UT Professor Says Fossils May Be New Turtle Species
Knoxville — Researchers from the University of Tennessee and other institutions may have found a new species of turtle from fossils unearthed in northeast Tennessee.
The fossils were discovered during road construction work in Gray, Tennessee.
The director emeritus of UT’s McClung Museum said they are carefully removing the materials from the site.
“It contains a good number of fossils from animals that are now extinct,” said Dr. Paul Parmalee. “Turtles are fairly common in the deposits, but we don’t know what they are yet.”

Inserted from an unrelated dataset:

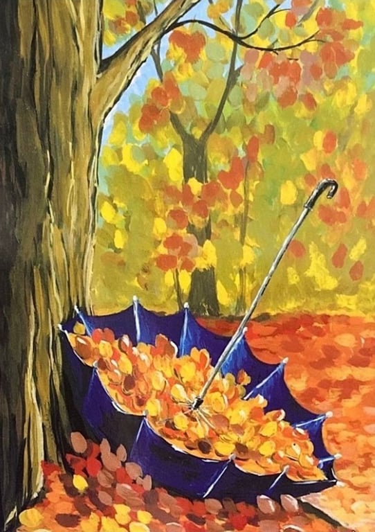 Так называется сюжет, который предлагатся воссоздать на мастер-классе в арт-студии «Мольберт». На картине — зонтик, полный опавшей листвы, золотые лучи солнца и деревья, только-только начавшие сбрасывать листья. Вот директ для записи: @molbert_by.

The fossils may be more than a million years old.
“None of these bones are complete, because they’ve been broken up over time, from heat and pressure and tectonic forces,” Parmalee said. “But they all seem to be the same thing, whatever that may be.”
State officials will have to decide whether to build roadway on top of the site, or protect it by diverting the road or building a bridge over it.
Related Stories from Tennessee Today
- UT Scientists Study Fossils (July 7, 2000)
- UT Biologist Part of Team that Finds New Species (October 4, 2007)
- Habitat Destruction Dooms Many Animal Species (500) (November 6, 1997)
- Species Extinction Rising, UT Prof Says In Science (July 21, 1995)
- Most American Bird Species Survived Forest Cuts (September 27, 1995)
- WUOT Airs Endangered Species Special Sunday (120) (April 11, 1996)
- Metro Pulse: 17,000 Species in the Great Smoky Mountains. And Counting. (November 17, 2011)
- UT Researcher’s Math Model Finds Biodiversity Can Protect Species from Climate Change (November 7, 2011)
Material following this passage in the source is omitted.